• Dataset excerpts:
* * *
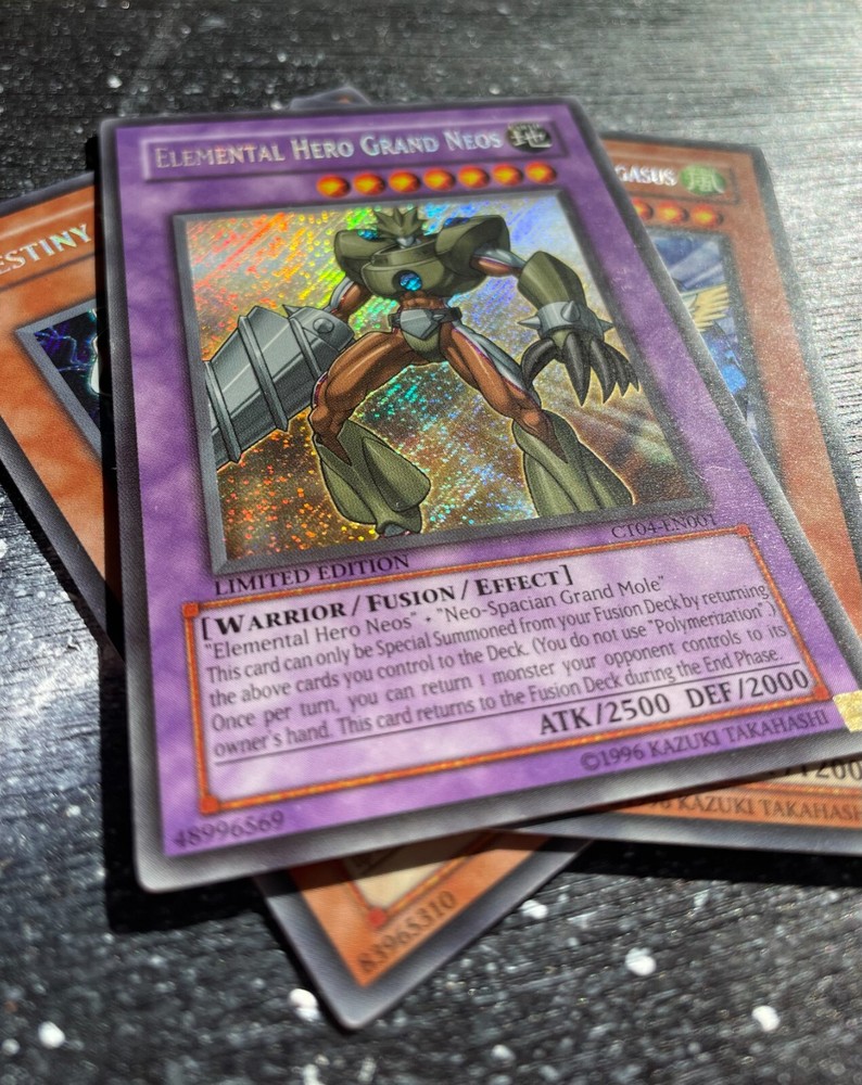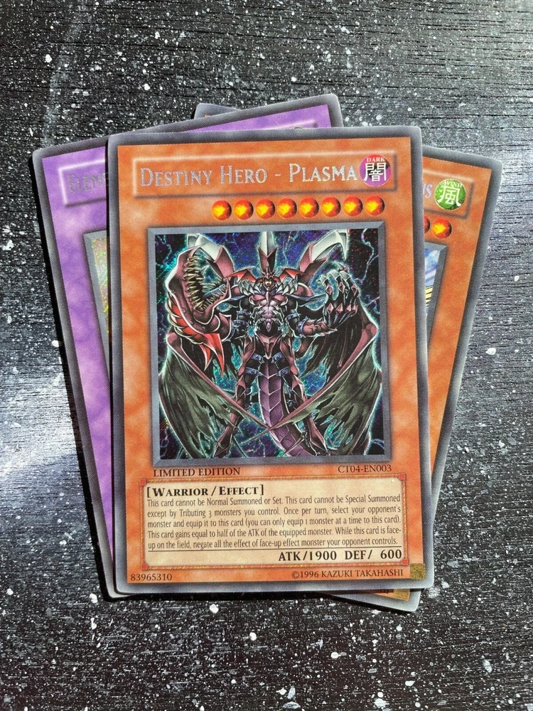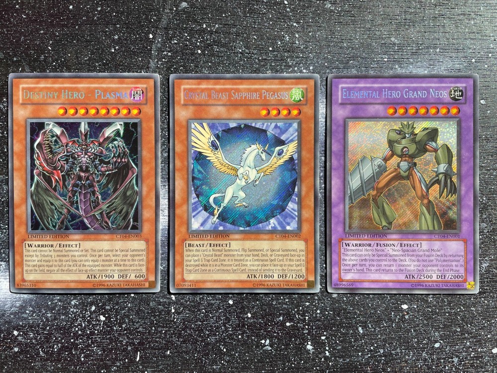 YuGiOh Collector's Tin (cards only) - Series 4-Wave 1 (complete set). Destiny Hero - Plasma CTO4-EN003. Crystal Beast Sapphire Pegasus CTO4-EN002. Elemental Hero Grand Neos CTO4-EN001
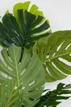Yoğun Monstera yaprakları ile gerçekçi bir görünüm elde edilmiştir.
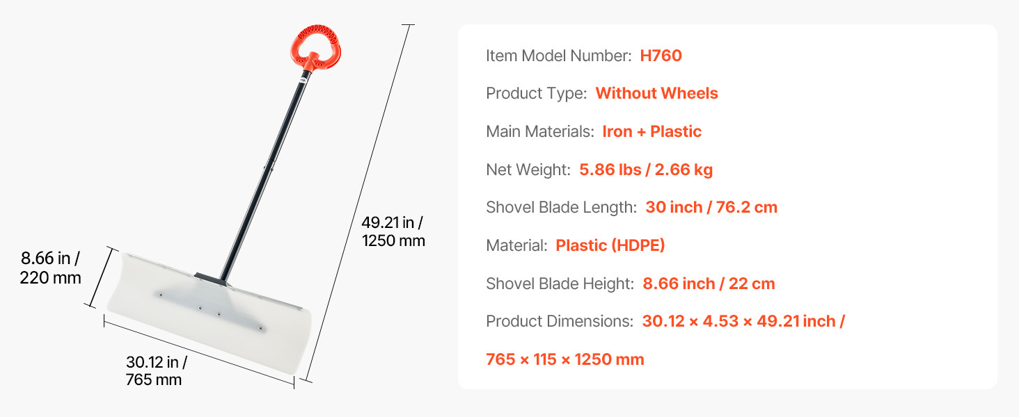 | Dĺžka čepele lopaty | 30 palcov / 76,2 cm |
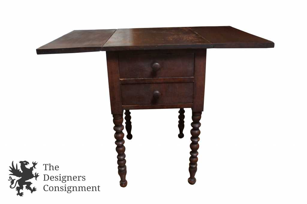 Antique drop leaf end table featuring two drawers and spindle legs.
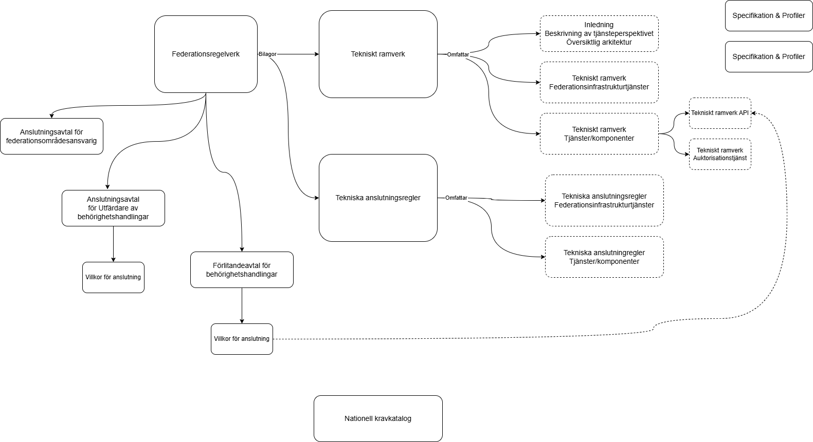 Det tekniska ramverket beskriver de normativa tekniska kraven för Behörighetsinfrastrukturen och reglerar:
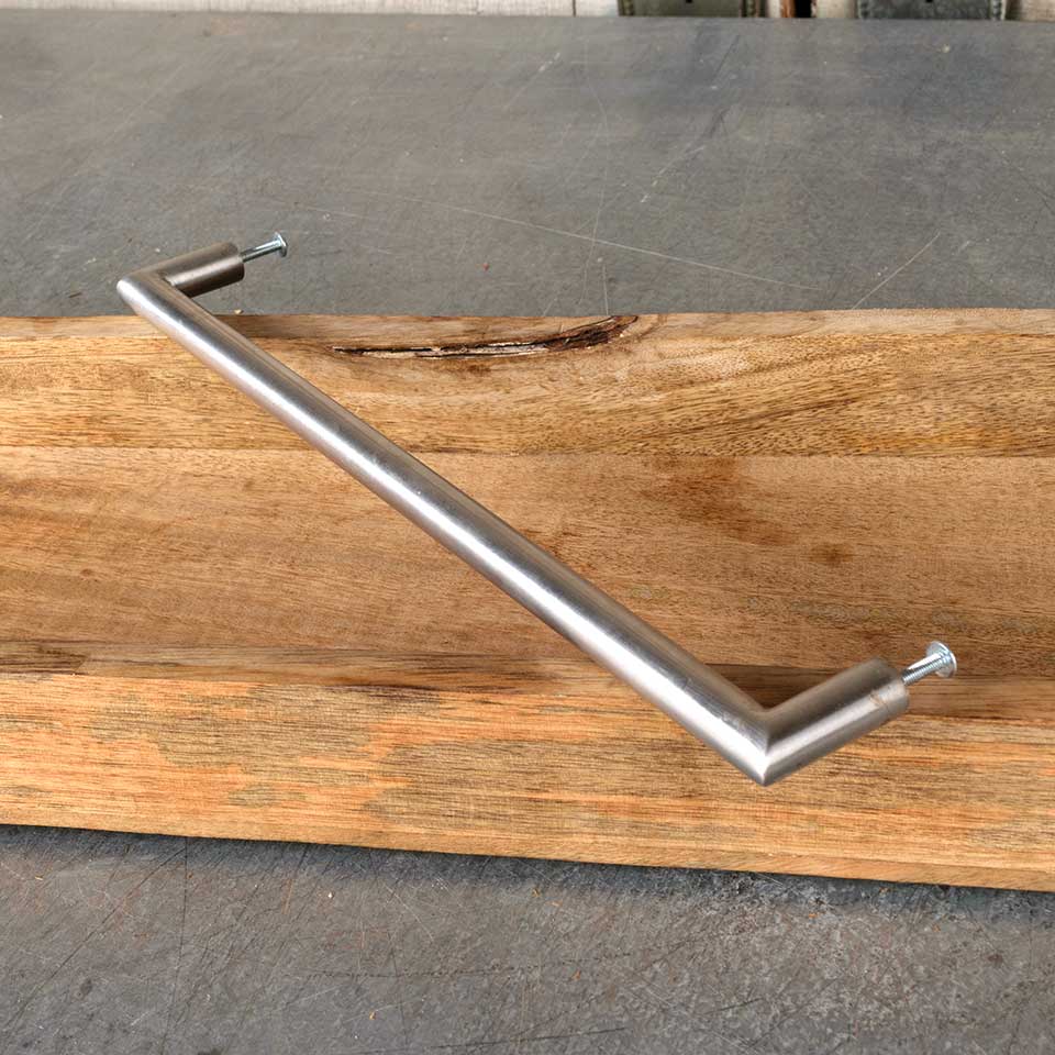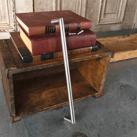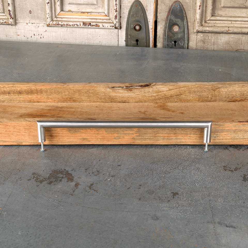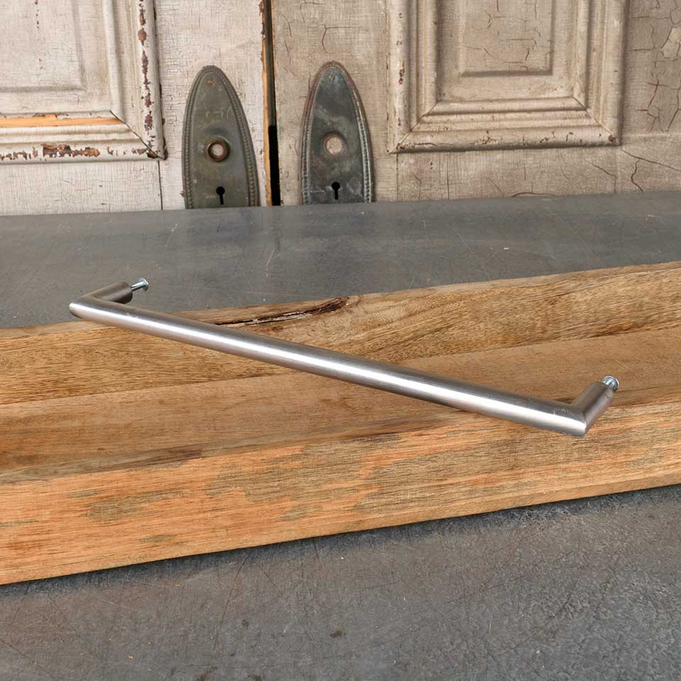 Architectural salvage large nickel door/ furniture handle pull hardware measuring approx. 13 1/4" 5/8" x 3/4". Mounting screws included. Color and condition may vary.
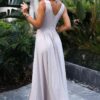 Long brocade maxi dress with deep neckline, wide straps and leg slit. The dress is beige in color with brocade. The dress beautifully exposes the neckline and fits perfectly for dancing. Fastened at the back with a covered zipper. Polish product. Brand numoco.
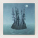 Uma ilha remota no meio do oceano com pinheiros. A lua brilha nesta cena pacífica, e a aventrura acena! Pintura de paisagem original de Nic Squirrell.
* * *
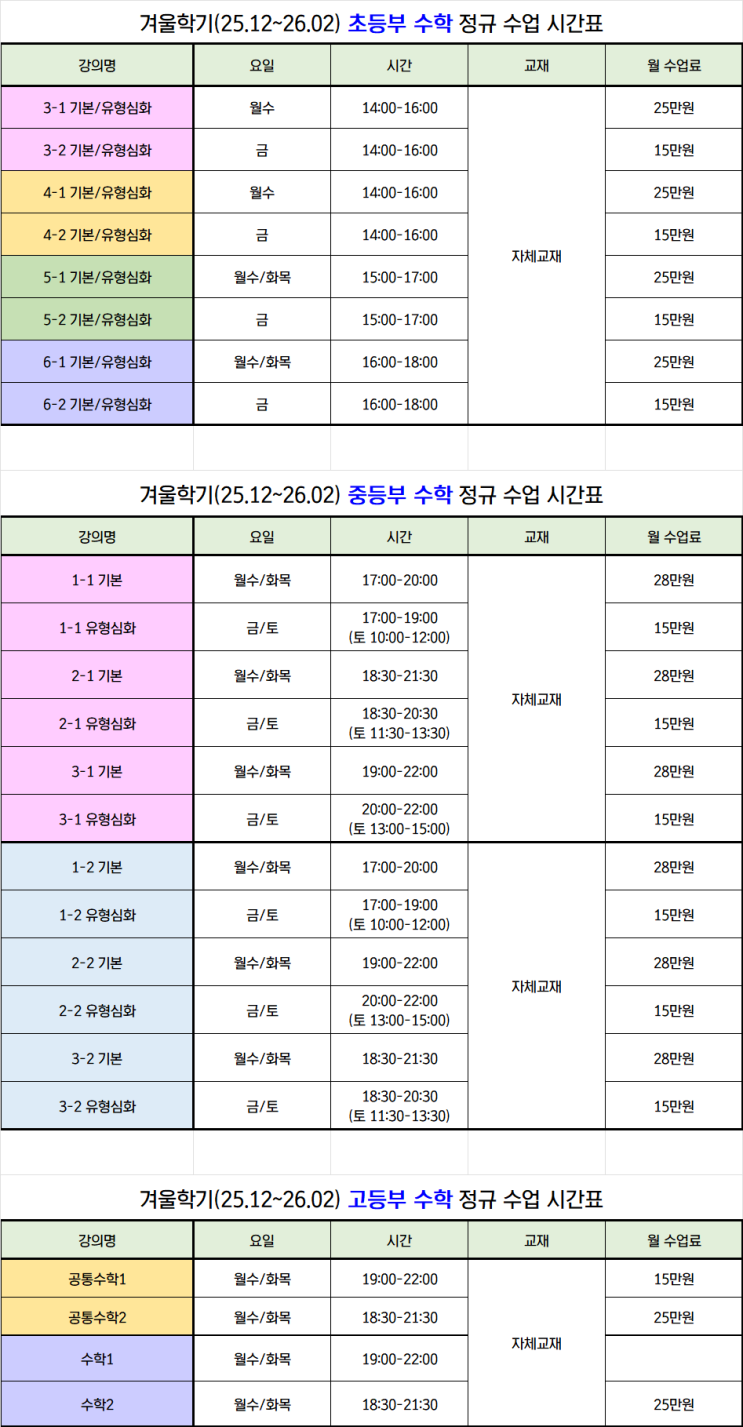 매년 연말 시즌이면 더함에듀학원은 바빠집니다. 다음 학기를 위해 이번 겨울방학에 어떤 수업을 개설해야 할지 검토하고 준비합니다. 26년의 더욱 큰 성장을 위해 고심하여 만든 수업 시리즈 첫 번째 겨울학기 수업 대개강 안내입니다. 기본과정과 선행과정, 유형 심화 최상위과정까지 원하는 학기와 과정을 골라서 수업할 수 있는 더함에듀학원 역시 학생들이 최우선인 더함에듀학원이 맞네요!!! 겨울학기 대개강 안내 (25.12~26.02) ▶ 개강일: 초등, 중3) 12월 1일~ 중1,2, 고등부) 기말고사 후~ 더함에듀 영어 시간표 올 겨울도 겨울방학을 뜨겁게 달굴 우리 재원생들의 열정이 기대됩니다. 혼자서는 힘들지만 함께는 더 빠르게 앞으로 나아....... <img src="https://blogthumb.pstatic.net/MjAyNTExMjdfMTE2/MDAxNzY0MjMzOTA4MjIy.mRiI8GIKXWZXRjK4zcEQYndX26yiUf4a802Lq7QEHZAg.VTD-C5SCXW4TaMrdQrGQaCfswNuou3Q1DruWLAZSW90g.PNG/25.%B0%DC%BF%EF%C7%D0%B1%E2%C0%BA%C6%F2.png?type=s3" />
* * *
• What is required:
Using the data above, return the lines from the one holding "Det tekniska ramverket" through the one holding "Architectural salvage large" exactly, but not the pictures.

• Written answer:
 Det tekniska ramverket beskriver de normativa tekniska kraven för Behörighetsinfrastrukturen och reglerar:
 Architectural salvage large nickel door/ furniture handle pull hardware measuring approx. 13 1/4" 5/8" x 3/4". Mounting screws included. Color and condition may vary.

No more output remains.